___ MATERIAL FOR THIS TASK ___

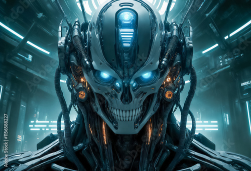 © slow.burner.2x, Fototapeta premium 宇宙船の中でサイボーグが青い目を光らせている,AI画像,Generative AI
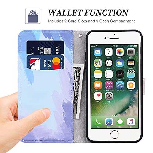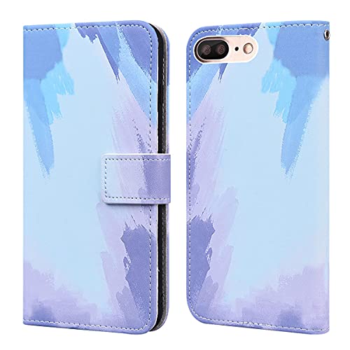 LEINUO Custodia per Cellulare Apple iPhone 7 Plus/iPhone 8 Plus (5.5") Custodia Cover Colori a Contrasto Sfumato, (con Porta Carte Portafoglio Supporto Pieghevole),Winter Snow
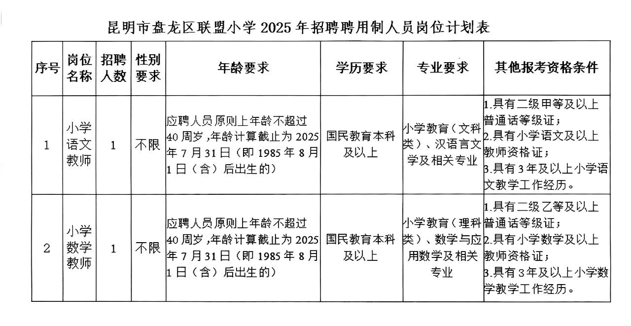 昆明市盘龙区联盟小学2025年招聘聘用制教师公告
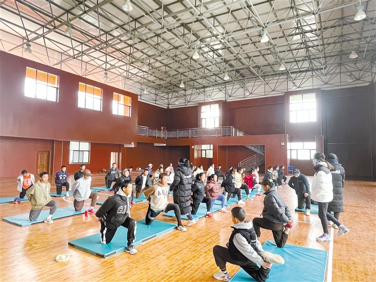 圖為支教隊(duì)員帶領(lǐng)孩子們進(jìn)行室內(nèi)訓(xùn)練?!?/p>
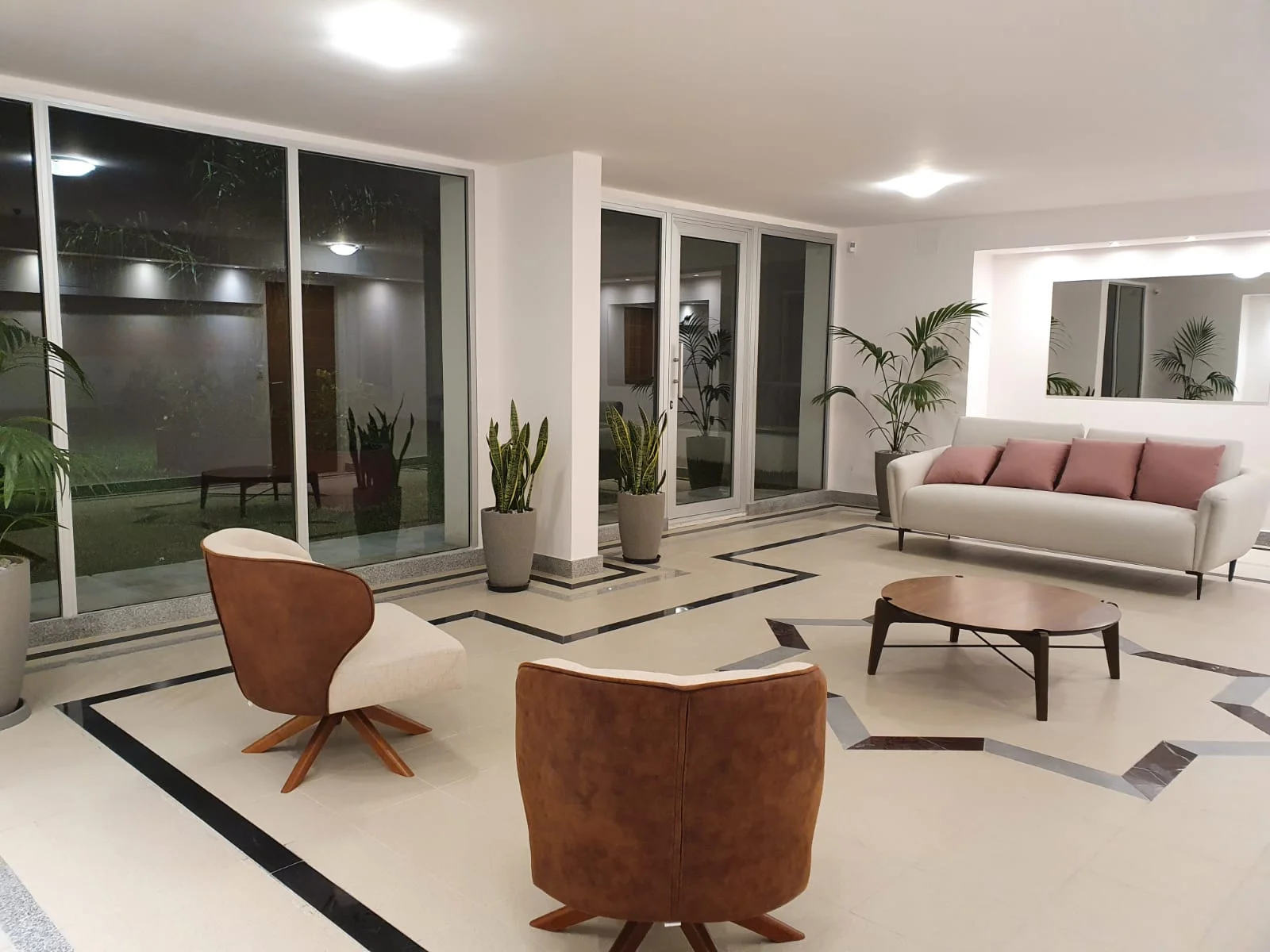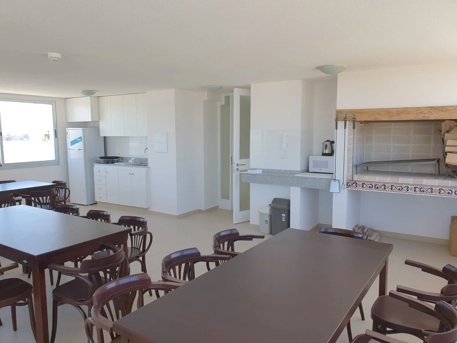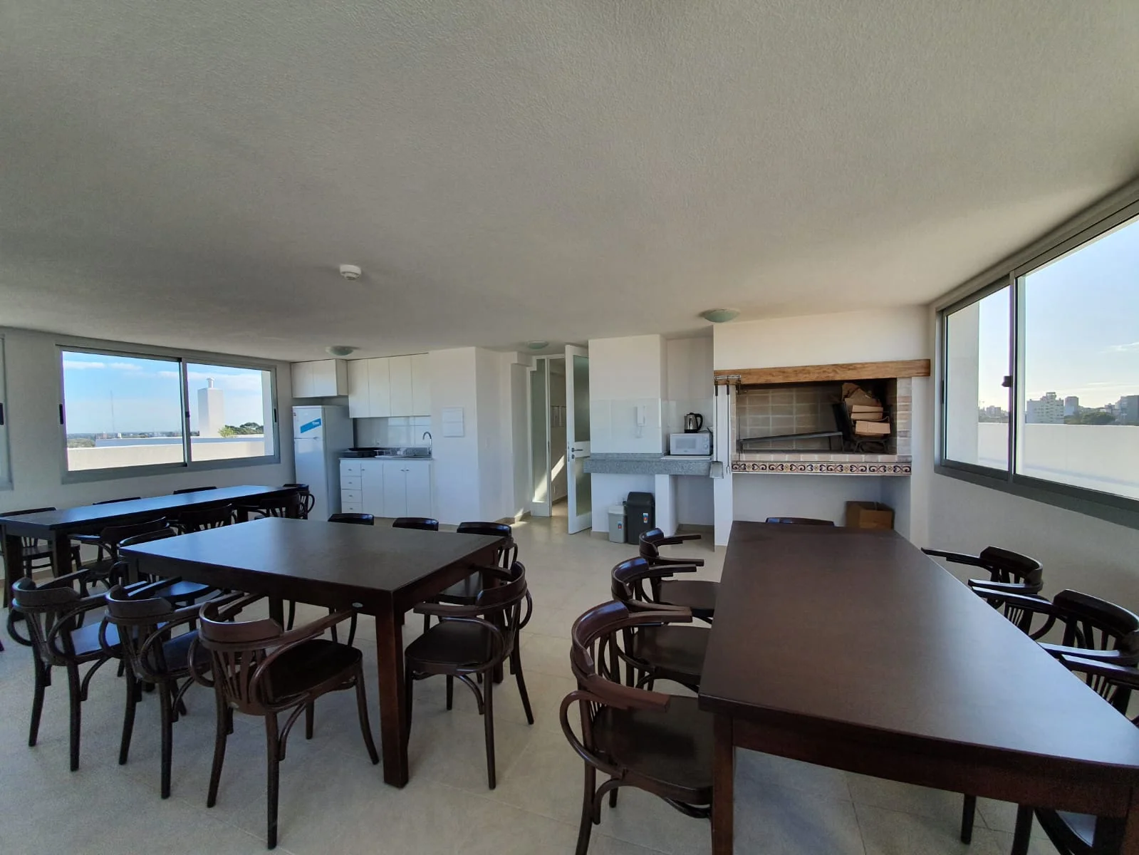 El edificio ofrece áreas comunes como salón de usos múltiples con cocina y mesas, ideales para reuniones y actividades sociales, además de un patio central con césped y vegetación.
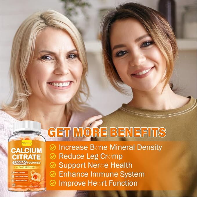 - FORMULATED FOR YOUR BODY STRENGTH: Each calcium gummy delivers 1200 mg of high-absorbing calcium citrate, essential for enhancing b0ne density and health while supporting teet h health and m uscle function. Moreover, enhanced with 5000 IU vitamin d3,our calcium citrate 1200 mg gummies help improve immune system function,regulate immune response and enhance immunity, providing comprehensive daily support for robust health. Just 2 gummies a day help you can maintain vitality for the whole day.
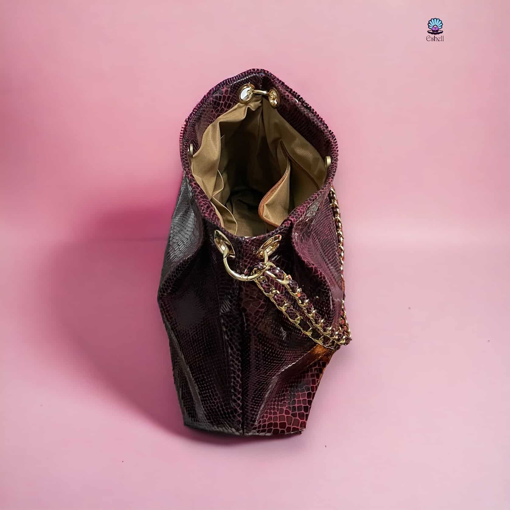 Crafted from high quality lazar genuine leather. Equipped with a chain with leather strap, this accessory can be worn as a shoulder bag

___

WHAT YOU WILL DO:
Drop every picture, then write out the remaining entries above exactly as they appear.

YOUR RESPONSE:
 © slow.burner.2x, Fototapeta premium 宇宙船の中でサイボーグが青い目を光らせている,AI画像,Generative AI
 LEINUO Custodia per Cellulare Apple iPhone 7 Plus/iPhone 8 Plus (5.5") Custodia Cover Colori a Contrasto Sfumato, (con Porta Carte Portafoglio Supporto Pieghevole),Winter Snow
 昆明市盘龙区联盟小学2025年招聘聘用制教师公告
 圖為支教隊(duì)員帶領(lǐng)孩子們進(jìn)行室內(nèi)訓(xùn)練?!?/p>
 El edificio ofrece áreas comunes como salón de usos múltiples con cocina y mesas, ideales para reuniones y actividades sociales, además de un patio central con césped y vegetación.
 - FORMULATED FOR YOUR BODY STRENGTH: Each calcium gummy delivers 1200 mg of high-absorbing calcium citrate, essential for enhancing b0ne density and health while supporting teet h health and m uscle function. Moreover, enhanced with 5000 IU vitamin d3,our calcium citrate 1200 mg gummies help improve immune system function,regulate immune response and enhance immunity, providing comprehensive daily support for robust health. Just 2 gummies a day help you can maintain vitality for the whole day.
 Crafted from high quality lazar genuine leather. Equipped with a chain with leather strap, this accessory can be worn as a shoulder bag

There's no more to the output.